Multiple threads can make processing a message queue faster. Eugene Surman needs the right data structure.
For the past five years I have mostly been developing multi-threaded messaging applications. While they were all quite different, there was one particular situation that kept recurring: sometimes it was required to maintain the sequential order of incoming and outgoing messages, even though they were being handled by multiple threads concurrently, and not necessarily in the same exact order they were received. I searched for a solution in many ready-made messaging libraries, but did not find anything satisfactory. So, I had to resort to developing a solution of my own: the
PRQueue
– a Queue with Position Reservation (or ‘seat reservation’).
PRQueue
is implemented in C++ using two STL
deques
and the pthread library. Two simple classes –
Mutex
and
Lock
are used in the example to demonstrate the logic. A sample message is represented by the
StringMsg
class, and the
QueueTest
class is used as a test-bed application.
I chose
deque
as a main building block of the design because it has all necessary operations (including
operator[]
) to implement
PRQueue
. In particular, it’s important that the
push_back()
and
pop_front()
operations do not invalidate pointers and references to other elements of the
deque
.
Here is a simple example of how
PRQueue
can be utilized. Let’s say we need to log a stream of large multi-field messages. Converting numeric fields to text strings is a slow process that is not mission-critical, so we decided to offload this task to dedicated threads that will generate the log.
Initially, the processing diagram may look like figure 1.
Figure 1 |
Since the core processing of the messages takes place in multiple threads, the messages may be ready in an order that is different from the original input queue order: if, for example, one thread takes a message off the input queue and goes to sleep, while another thread takes the next message, runs to completion and places the processed message in the output queue, ahead of the first thread. As a result, the log entries may appear out of order. We assume that logging must be done after the messages are processed by the core routines.

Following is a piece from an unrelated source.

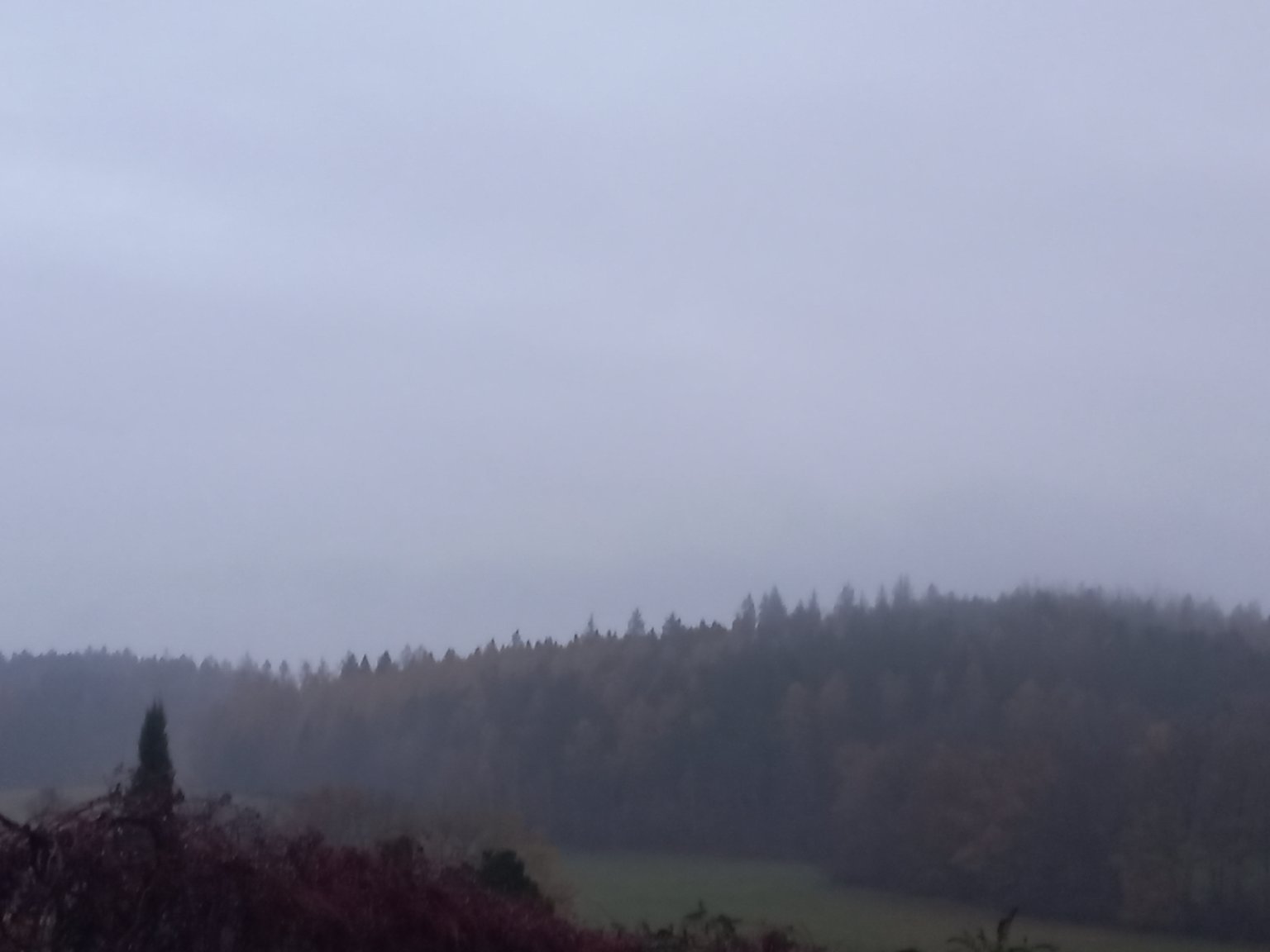 Zamračené, mrholenie, hmla

Listing 1 is an example illustrating this point. I use the standard STL
queue
and 3 threads. This generates the output shown in Figure 2.
... QueueTest quetest(3); int i1 =0; for( int i =10000; i; i--) { quetest.push( "| %d", i1++ ); quetest.push( "- %d", i1++ ); } ... |
Listing 1 |
Th# Time-stamp Msg# 1: 101108 15:04:49.576167 - 5243 3: 101108 15:04:49.576170 | 5244 1: 101108 15:04:49.576174 - 5245 3: 101108 15:04:49.576177 | 5246 3: 101108 15:04:49.576182 | 5248 // out 2: 101108 15:04:49.571945 | 4338 // of 1: 101108 15:04:49.576179 - 5247 // order 3: 101108 15:04:49.576188 - 5249 2: 101108 15:04:49.576189 | 5250 1: 101108 15:04:49.576191 - 5251 |
Figure 2 |
Using
PRQueue
the above scenario will be avoided. It will make sure the order of messages in the output queue matches the order that existed in the input queue, regardless of the order in which the core routines finish processing the messages.
The basic logic behind
PRQueue
is simple: when the next message is taken off the input queue, still inside the lock, the next push-back position, or ‘seat’, for the output queue is acquired. The lock is then released and the processing continues. After a message is fully processed the previously acquired position is used to place the message into the output queue.

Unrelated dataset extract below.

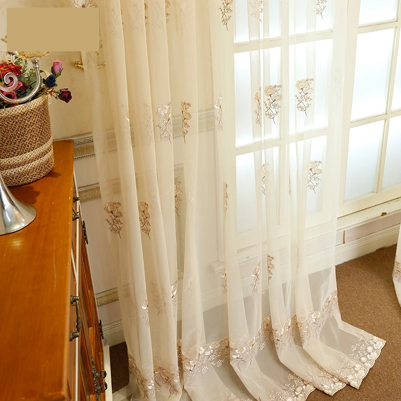 customized tulle high-end fashion modern embossed embroidery gauze beautiful white living room voil

Figure 3 shows the previous example re-written using
PRQueue
. The order of the messages in the log is now perfectly preserved.

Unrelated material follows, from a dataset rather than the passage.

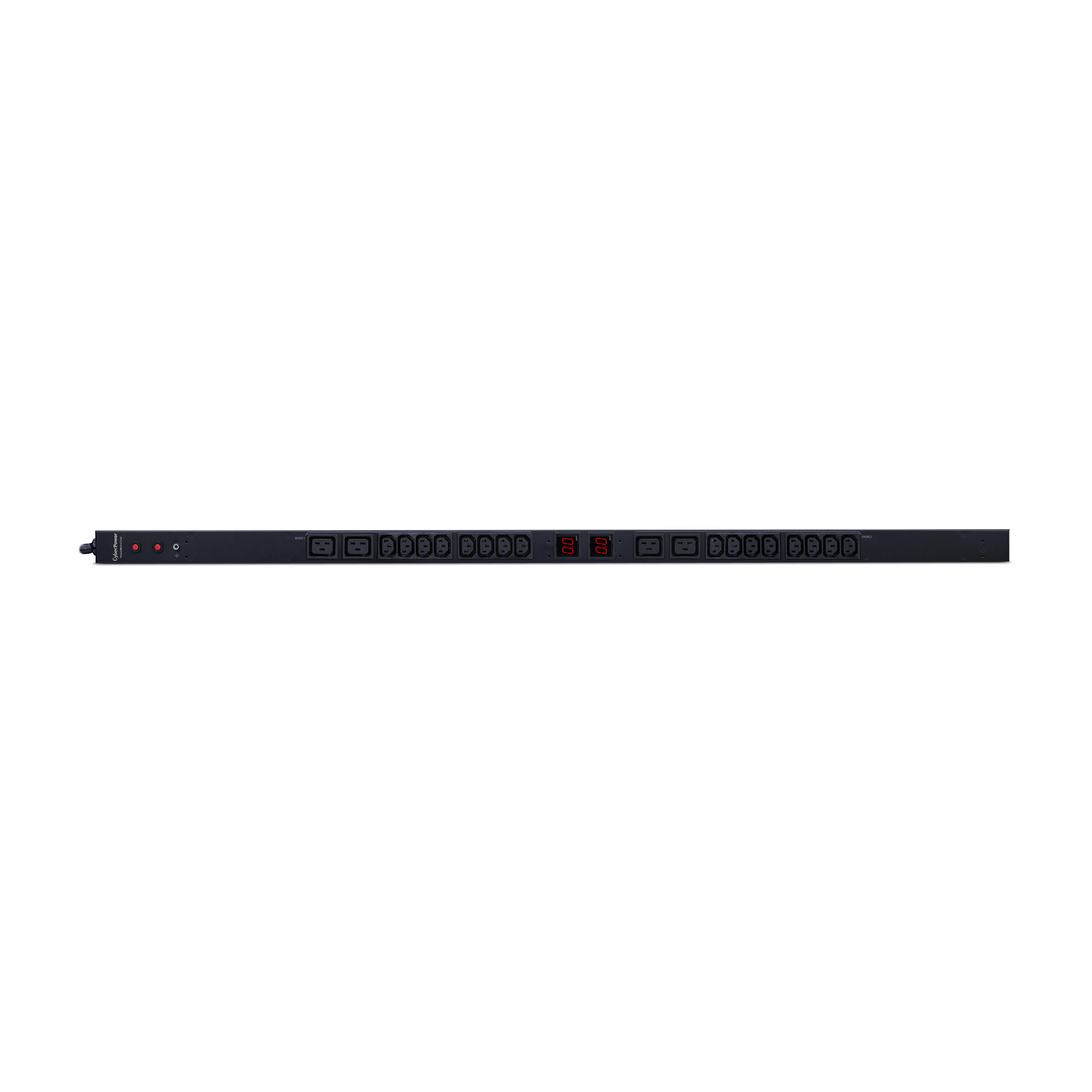 The CyberPower PDU30MVHVT20F, a 20-outlet (front), 0U vertical rackmount basic power distribution unit (PDU), provides 200/230V 30A output. It distributes power to 16 IEC-320 C13, 4 IEC-320 C19 receptacles from a single NEMA L6-30P twist lock plug with unfiltered electrical pass-through. The current draw for connected equipment is displayed in amps on the front of two LCDs for real-time load monitoring.

Th# Time-stamp Msg# 2: 101108 15:04:49.571945 | 4338 ... ... 1: 101108 15:04:49.576167 - 5243 3: 101108 15:04:49.576170 | 5244 1: 101108 15:04:49.576174 - 5245 3: 101108 15:04:49.576177 | 5246 1: 101108 15:04:49.576179 - 5247 3: 101108 15:04:49.576182 | 5248 3: 101108 15:04:49.576188 - 5249 2: 101108 15:04:49.576189 | 5250 1: 101108 15:04:49.576191 - 5251 |
Figure 3 |
PRQueue
is constructed using two deques: ‘data’ and ‘filled’.
An element of ‘filled’
deque
is an indicator showing that the position is filled with data and can be popped from
PRQueue
. A wrapper class
DataQueue
is a holder of ‘data’ and ‘filled’
deque
s. The
PRQueue
methods are for the most part ‘mutexed’ wrappers of
DataQueue
methods.
The design allows us to separate/hide thread safety code from the actual implementation, so the user shouldn’t be concerned with writing any locking/unlocking logic.
Let’s discuss
PRQueue
’s functionality in a bit more detail.
The
PRQueue
pop
method does two things: it pops data from the input queue and reserves a push position in the output queue. The
push
method uses the previously reserved position to save data into the output queue.
For testing
PRQueue
with multiple threads a function
process_msg
is executed by every spawned thread. It pops a
StringMsg
from the input queue, processes the message by calling the
StringMsg::process()
method, and pushes the message out. (See Listing 2.)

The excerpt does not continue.